According to Times Higher Education World University Rankings data, “Forty-three – or 21 percent – of the top 200 universities in the latest 2022 ranking have a female leader.” This is an increase from 41 universities in 2021 and 34 in 2018.

Ellie Bothwell of Times Higher Education summarizes some of the most important data on the World University Top 200 Rankings, as ranked by Times Higher Education. According to Bothwell, the United States has seen the largest increase in the number of universities led by women this year. Germany and Switzerland, on the other hand, have seen a drop in universities with female leaders. Of the 27 countries and regions in the top 200 list, 13 have no female leaders at all.

The current number one institution on THE World University Rank 2022, University of Oxford, is led by Louise Richardson. Carol Christ leads the number eight institution, University of California, Berkeley. Three Ivy League universities also have women leaders: University of Pennsylvania, Cornell University, and Brown University.
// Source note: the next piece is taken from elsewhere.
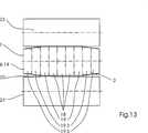 11 zeigt ein Beispiel, bei dem mit einem Array aus Mikroelektroden oder aus Mikrospulen die Dicke des Transfertuchs2 variiert wird. Das Array erstreckt sich über seine Länge parallel mit der Drehachse des Transferzylinders1. Falls gemäß einer Variante das Array17 ein Spulen-Array ist, ist das Funktionspolymer6 eine MAP-Schicht und ist die auf der Oberseite des Funktionspolymers6 angeordnete erste Schicht8 eine weichmagnetische Schicht und ist die zwischen der Trägerschicht4 und dem Funktionspolymer6 angeordnete zweite Schicht9 eine weichmagnetische Schicht oder eine permanentmagnetische Schicht. Falls gemäß einer zweiten Variante das Array17 ein Elektroden-Array ist, ist das Funktionspolymer6 eine EAP-Schicht und bildet die auf der Oberseite des Funktionspolymers6 angeordnete Schicht eine erste Elektrode5 und bildet die zwischen der Trägerschicht4 und dem Funktionspolymer6 angeordnete Schicht eine zweite Elektrode7. In den Transferzylinder1 integriert kann anstelle der Spule13 auch ein Array aus Spulen13 sein. Mit der in11 dargestellten Anordnung können aus einer homogenen Farbschicht heraus einzelne Druckpunkte erzeugt und übertragen werden. Hierbei wird die Dicke des Transfertuchs2 quer zur Druckrichtung der Druckmaschine, also parallel zur Rotationsrichtung des Transferzylinders1, variiert. Es erfolgt eine punktuelle Dickenänderung16 des Transfertuchs2. 11 shows an example in which with an array of microelectrodes or from micro-coils, the thickness of thetransfer blanket 2 is varied. The array extends along its length parallel to the axis of rotation of thetransfer cylinder 1 , If according to a variant, the array 17 a coil array is the functional polymer 6 a MAP layer and is the one on top of thefunctional polymer 6 arranged first layer 8th a soft magnetic layer and that between thecarrier layer 4 and thefunctional polymer 6 arranged second layer 9 a soft magnetic layer or a permanent magnetic layer. If according to a second variant, thearray 17 An electrode array is thefunctional polymer 6 an EAP layer and forms the top of thefunctional polymer 6 layer arranged afirst electrode 5 and forms the between thecarrier layer 4 and thefunctional polymer 6 layer arranged asecond electrode 7 , In thetransfer cylinder 1 can be integrated instead of thecoil 13 also an array ofcoils 13 be. With the in 11 illustrated arrangement can be generated and transmitted from a homogeneous ink layer out individual pressure points. This is the thickness of thetransfer fabric 2 transverse to the printing direction of the printing press, that is parallel to the direction of rotation of thetransfer cylinder 1 , varies. There is a punctual change inthickness 16 of thetransfer fabric 2 ,

You can find the full list of top 10 universities led by women here and a profile of each woman here.

Bothwell explains that “the list of the world’s top 10 universities led by women is likely to look quite different next year, as half of this year’s cohort have announced that their current leader is due to leave.”

M. Cristina Alcalde and Mangala Subramaniam of Inside Higher Ed write that “even in top positions, women face challenges within institutional structures, systems and mind-sets that require transformative change.” As of 2020, women and minority administrators “still face[d] significant pay and seniority disparities, especially within executive leadership roles” reported Emma Whitford of Inside Higher Ed.

Alcalde and Subramaniam were selected to be members of the 2020 cohort of the HERS (Higher Education Resource Services) Leadership Institute, where they had the chance to meet with other women leaders and discuss experiences in academic leadership positions. Founded in 1972, HERS “is a leadership development and research organization that is dedicated to creating and sustaining a diverse network of woman-identified leaders in higher education.” HERS aims to “ensure greater diversity and equality in university and college leadership moving forward.” This program is a great resource to help women navigate their leadership roles in a still predominantly male field.

Alcalde and Subramaniam write that they have identified “systemic obstacles to women’s (especially women of color) leadership advancement in higher education.“ The approach to women’s leadership should be rethought, they argue; “it is time we… recognize women leaders as intentional, strategic, intelligent, deliberate, goal-driven, focused, accomplished, successful, ambitious and visionary.”

While there is now a record-breaking number of women leading top universities, the number itself is still low. Only one in five top institutions is led by women. There is still much progress that needs to be made in the representation of women in the higher education field.